Desktop Linux (fwd)

travis at scootz.net travis at scootz.net
Wed Feb 25 11:00:17 EST 2004


> It will also fail because the normal "support line" of at-home desktops
> (the church, the club, the nextdoor neighbor) will not be there in
> 2004-2005 because it is not being used at work in 2002-2003.  But as
> people start using it at work two things will happen:
> 	o that alternate support line will be built
> 	o ISVs will start porting that "cool software"

That's what Apple thought too by putting Macs in Schools. That didn't
really work for them.

> Make no mistake about it.  Vendors do not port or not port their
> software due to the difficulty of the port.  They port it due to the
> perceived volume growth in new desktops.

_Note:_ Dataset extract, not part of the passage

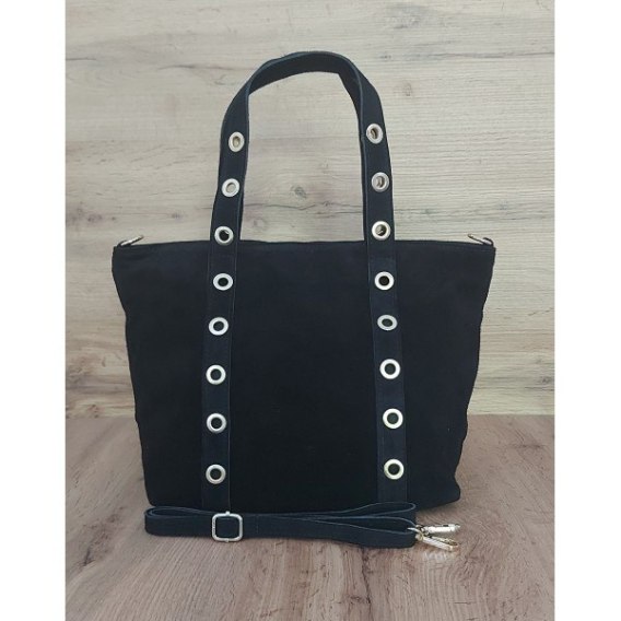 Skórzany Włoski worek ,torba na ramię Vera Pelle miękki zamsz złote dżety-kółka, pojemna A4 Czarna WZK25N
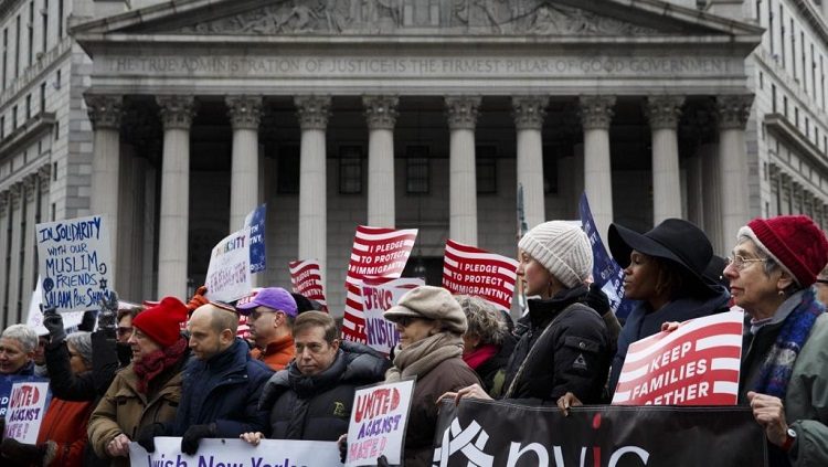 وعلى صعيد متصل، احتشد كثير من المعارضين لترامب أمام البيت الأبيض وفي شيكاغو وعشرات المدن الأميركية؛ احتجاجا على إعلان حالة الطوارئ الوطنية في البلاد.

That is true, but there is also a problem with the Linux comunity in that
they think everything should be free. I'm not saying a commercial software
package can't work for Linux, but in the past it hasn't for many Linux
game companies, as well as Office style packages. People either refuse to
buy them because they're not OSS, the Windows version runs better so they
dual boot into windows for the added features/speed/support, or they start
developing, or push for the development of an OSS version.

> I think that Linux will start to see that growth in 2004/2005, and I
> think that the ISVs are already porting.

That's been said over and over. When I see it, then I'll be excitied. I
myself still use Windows on the desktop at work, and OSX on the desktop at
home. I use Linux for my servers but that's about it. And even there I'm
thinking strongly of switching to FreeBSD.